## ASSIGNMENT
Records follow. Print exactly the lines from the one that has "蔬菜沙拉+冬瓜黑毛猪排骨汤+陈记烤鸭" through the one that has "使平臺支持智能指引,自動生成代碼片段、功能模塊、數據模型、表單!", inclusive, and omit the pictures.

## EXERCISE DATA
================================

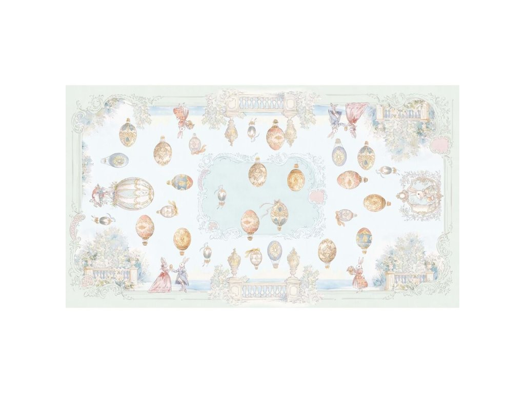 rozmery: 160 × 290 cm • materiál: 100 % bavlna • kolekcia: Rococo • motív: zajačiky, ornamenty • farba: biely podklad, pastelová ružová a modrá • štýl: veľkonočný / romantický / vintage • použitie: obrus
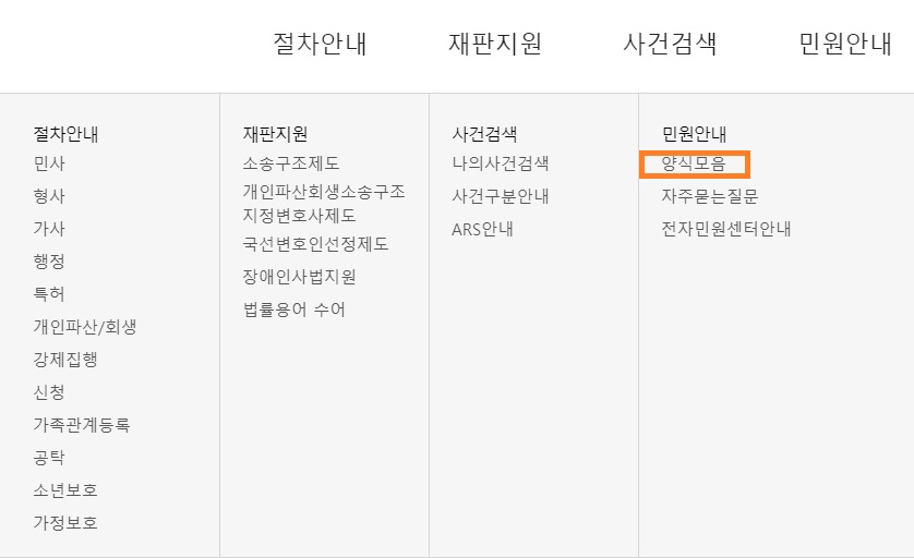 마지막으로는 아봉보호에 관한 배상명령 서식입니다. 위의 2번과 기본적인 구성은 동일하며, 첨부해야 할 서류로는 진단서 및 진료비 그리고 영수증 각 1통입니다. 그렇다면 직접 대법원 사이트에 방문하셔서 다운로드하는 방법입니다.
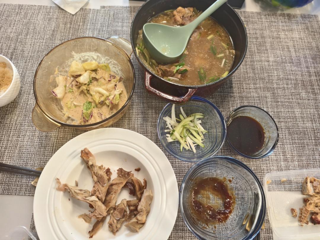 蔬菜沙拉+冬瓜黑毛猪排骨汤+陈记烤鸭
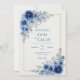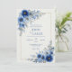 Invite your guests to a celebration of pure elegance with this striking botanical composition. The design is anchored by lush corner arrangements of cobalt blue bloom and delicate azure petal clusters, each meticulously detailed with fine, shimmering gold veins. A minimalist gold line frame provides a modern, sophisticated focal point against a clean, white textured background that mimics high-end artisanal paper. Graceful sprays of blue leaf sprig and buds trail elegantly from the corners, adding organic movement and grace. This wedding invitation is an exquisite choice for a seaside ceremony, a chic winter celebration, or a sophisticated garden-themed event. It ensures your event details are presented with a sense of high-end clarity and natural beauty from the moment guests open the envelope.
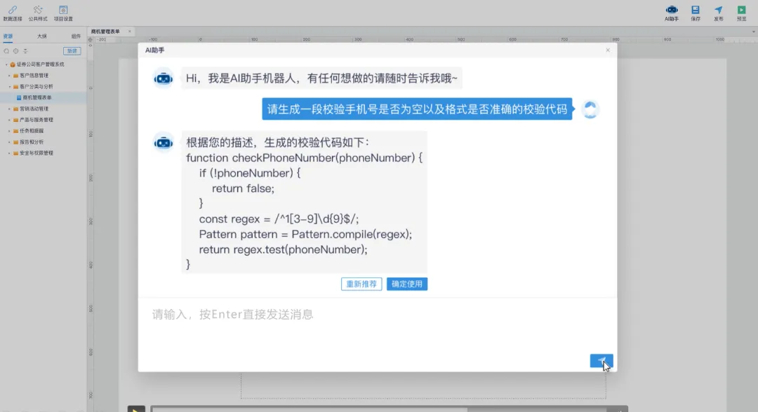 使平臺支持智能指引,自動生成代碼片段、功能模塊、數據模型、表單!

================================

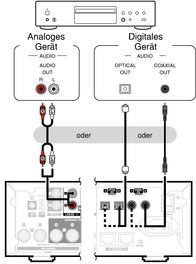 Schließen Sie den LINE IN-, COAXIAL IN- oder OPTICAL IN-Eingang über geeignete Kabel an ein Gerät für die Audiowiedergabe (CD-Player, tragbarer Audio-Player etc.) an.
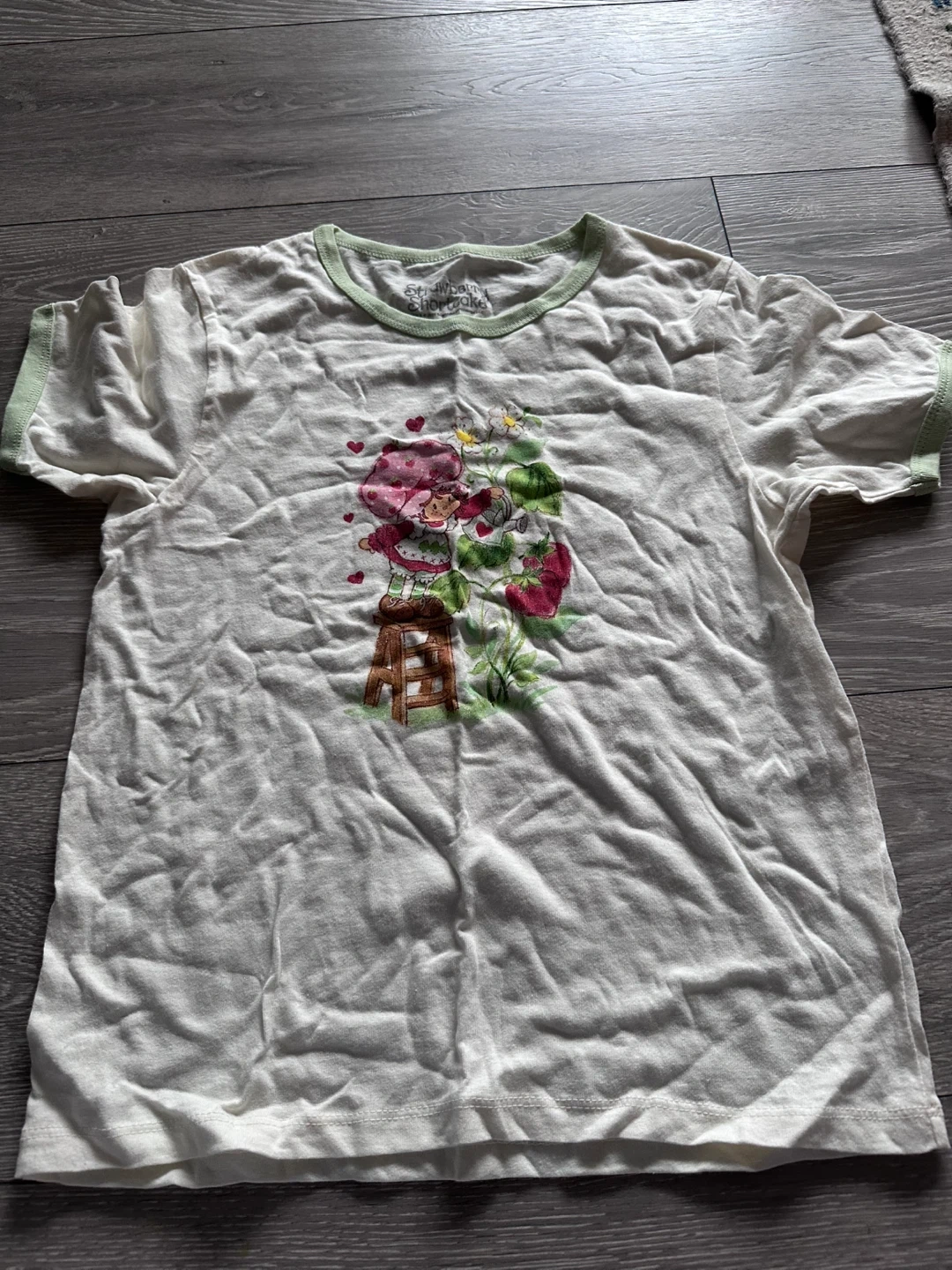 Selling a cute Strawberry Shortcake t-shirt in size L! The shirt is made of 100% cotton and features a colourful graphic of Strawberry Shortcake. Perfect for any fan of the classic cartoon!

================================

## REPLY TO THE EXERCISE
 蔬菜沙拉+冬瓜黑毛猪排骨汤+陈记烤鸭
 Invite your guests to a celebration of pure elegance with this striking botanical composition. The design is anchored by lush corner arrangements of cobalt blue bloom and delicate azure petal clusters, each meticulously detailed with fine, shimmering gold veins. A minimalist gold line frame provides a modern, sophisticated focal point against a clean, white textured background that mimics high-end artisanal paper. Graceful sprays of blue leaf sprig and buds trail elegantly from the corners, adding organic movement and grace. This wedding invitation is an exquisite choice for a seaside ceremony, a chic winter celebration, or a sophisticated garden-themed event. It ensures your event details are presented with a sense of high-end clarity and natural beauty from the moment guests open the envelope.
 使平臺支持智能指引,自動生成代碼片段、功能模塊、數據模型、表單!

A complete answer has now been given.